[EXERCISE MATERIAL — start]

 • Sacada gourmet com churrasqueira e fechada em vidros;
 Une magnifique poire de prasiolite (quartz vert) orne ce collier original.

[EXERCISE MATERIAL — finish]
[EXERCISE MATERIAL — start]

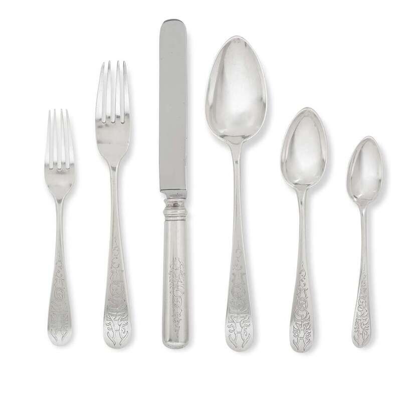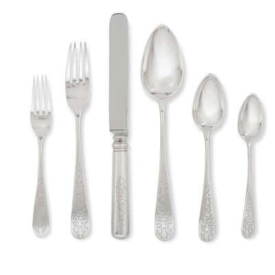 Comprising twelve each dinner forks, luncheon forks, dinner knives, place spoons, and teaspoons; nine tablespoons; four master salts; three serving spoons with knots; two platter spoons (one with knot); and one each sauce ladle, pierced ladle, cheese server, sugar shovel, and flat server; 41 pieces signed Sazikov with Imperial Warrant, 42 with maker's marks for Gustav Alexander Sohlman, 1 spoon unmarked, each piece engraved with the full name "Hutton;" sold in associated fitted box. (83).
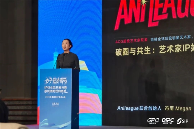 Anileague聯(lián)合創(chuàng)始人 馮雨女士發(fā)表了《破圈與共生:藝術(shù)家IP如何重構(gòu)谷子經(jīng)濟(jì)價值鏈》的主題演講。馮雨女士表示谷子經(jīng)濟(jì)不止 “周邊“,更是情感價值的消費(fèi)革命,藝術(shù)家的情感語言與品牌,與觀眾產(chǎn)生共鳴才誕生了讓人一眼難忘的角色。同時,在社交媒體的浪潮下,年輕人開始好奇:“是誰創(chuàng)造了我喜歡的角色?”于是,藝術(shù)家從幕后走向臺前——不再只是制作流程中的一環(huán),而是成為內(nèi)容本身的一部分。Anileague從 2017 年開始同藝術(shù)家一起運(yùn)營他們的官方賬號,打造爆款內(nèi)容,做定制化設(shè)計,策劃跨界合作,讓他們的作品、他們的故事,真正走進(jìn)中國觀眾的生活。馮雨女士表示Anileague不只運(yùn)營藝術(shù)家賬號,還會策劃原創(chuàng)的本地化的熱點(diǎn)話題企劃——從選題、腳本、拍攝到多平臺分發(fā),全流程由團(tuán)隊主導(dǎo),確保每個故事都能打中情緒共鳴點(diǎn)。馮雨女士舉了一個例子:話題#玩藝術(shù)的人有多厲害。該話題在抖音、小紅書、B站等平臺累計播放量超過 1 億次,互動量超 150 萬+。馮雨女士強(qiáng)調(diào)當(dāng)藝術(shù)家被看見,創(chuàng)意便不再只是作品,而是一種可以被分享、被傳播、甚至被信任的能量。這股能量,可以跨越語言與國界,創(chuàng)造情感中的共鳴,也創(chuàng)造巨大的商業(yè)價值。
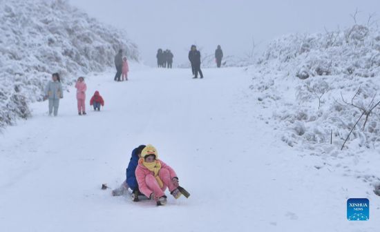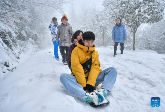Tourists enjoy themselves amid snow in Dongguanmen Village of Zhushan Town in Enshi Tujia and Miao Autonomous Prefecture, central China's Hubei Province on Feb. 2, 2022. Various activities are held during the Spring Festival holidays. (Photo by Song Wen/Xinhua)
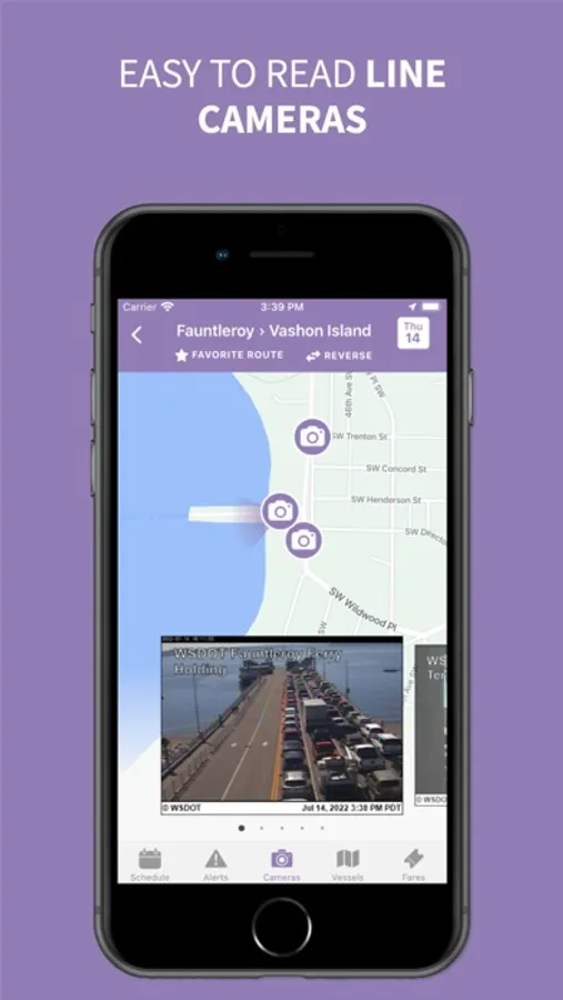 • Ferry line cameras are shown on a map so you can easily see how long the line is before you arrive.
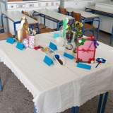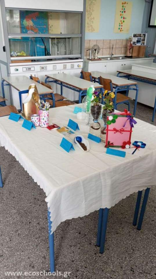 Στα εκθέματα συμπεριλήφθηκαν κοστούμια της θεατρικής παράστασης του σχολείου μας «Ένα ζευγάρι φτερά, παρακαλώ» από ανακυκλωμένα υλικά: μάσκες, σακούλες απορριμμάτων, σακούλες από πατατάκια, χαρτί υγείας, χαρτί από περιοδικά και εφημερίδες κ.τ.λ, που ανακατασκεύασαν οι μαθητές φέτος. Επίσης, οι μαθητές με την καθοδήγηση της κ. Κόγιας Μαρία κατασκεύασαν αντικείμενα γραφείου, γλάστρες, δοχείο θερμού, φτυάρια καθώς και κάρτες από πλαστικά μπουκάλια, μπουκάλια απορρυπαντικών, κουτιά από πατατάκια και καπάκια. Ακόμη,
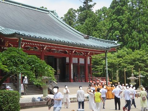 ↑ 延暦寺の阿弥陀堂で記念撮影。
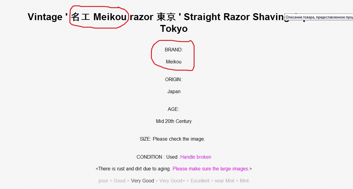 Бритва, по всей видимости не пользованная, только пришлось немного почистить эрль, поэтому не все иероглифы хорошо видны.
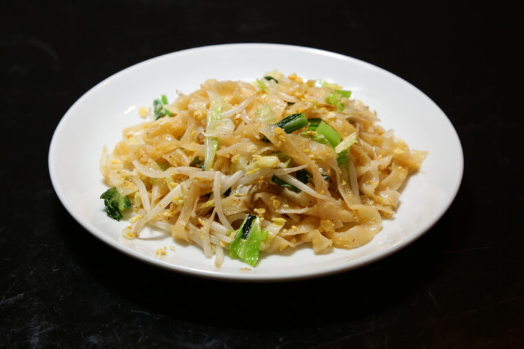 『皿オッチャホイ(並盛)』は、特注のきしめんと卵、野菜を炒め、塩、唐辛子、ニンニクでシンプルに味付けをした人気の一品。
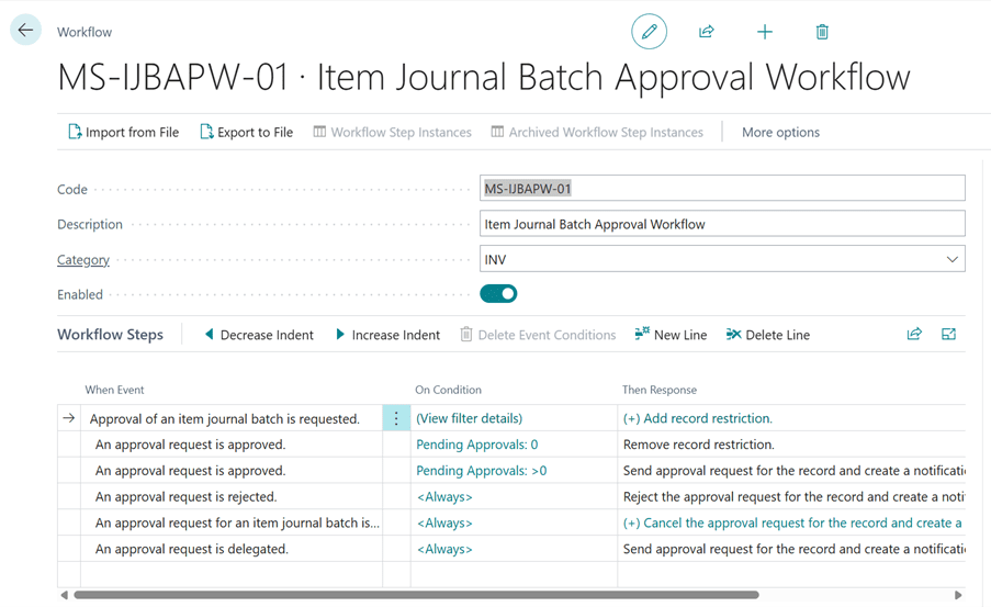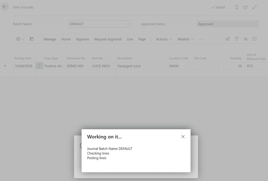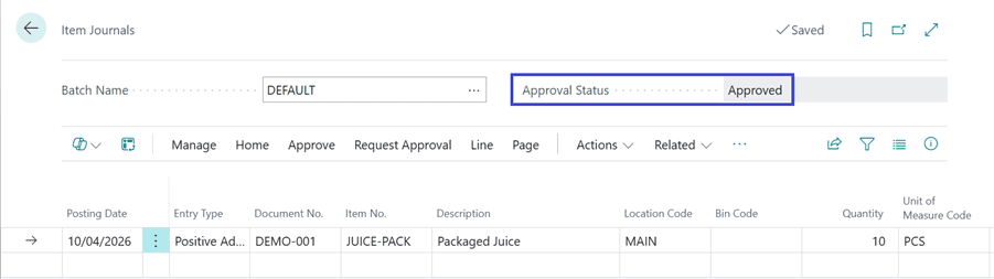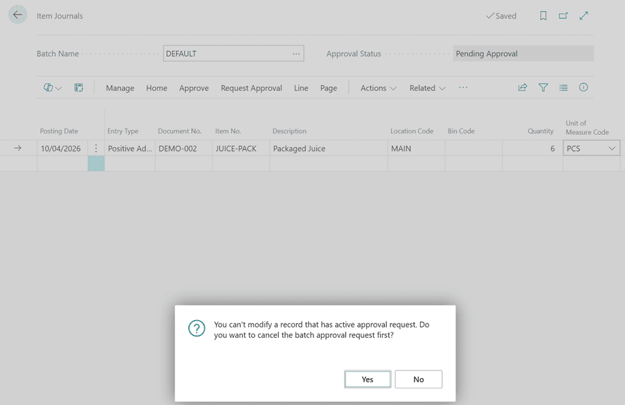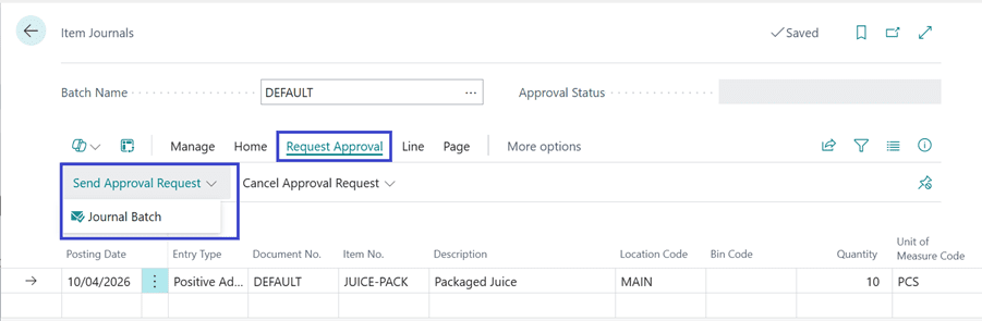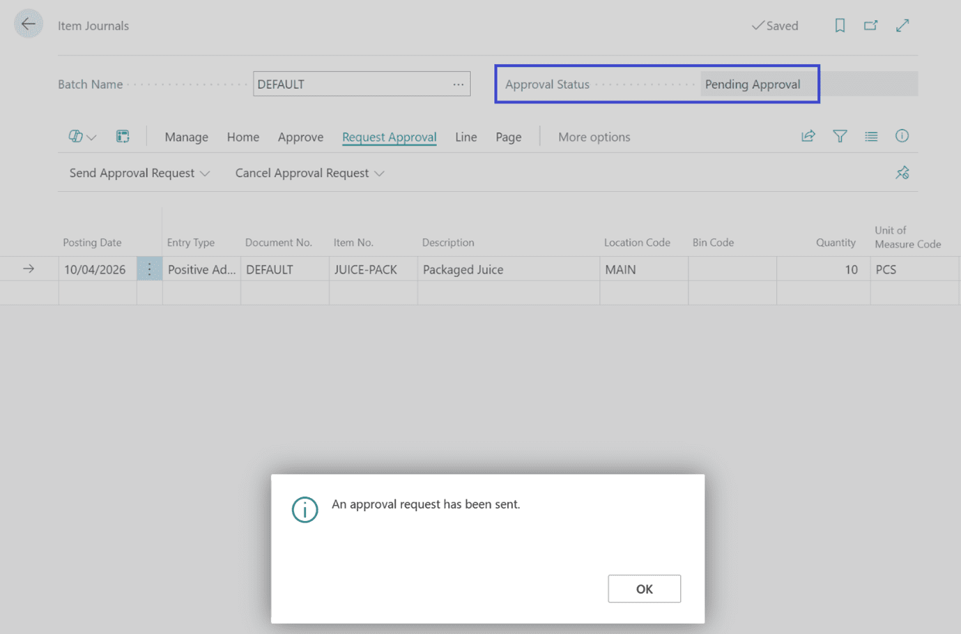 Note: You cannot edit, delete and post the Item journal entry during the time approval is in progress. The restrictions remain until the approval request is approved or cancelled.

[EXERCISE MATERIAL — finish]

__GOAL OF THE EXERCISE__:
Above are the lines; repeat exactly the ones from the line containing "fechada em vidros;" down to the line containing "Une magnifique poire", both inclusive.

__OUTPUT OF THE EXERCISE__:
 • Sacada gourmet com churrasqueira e fechada em vidros;
 Une magnifique poire de prasiolite (quartz vert) orne ce collier original.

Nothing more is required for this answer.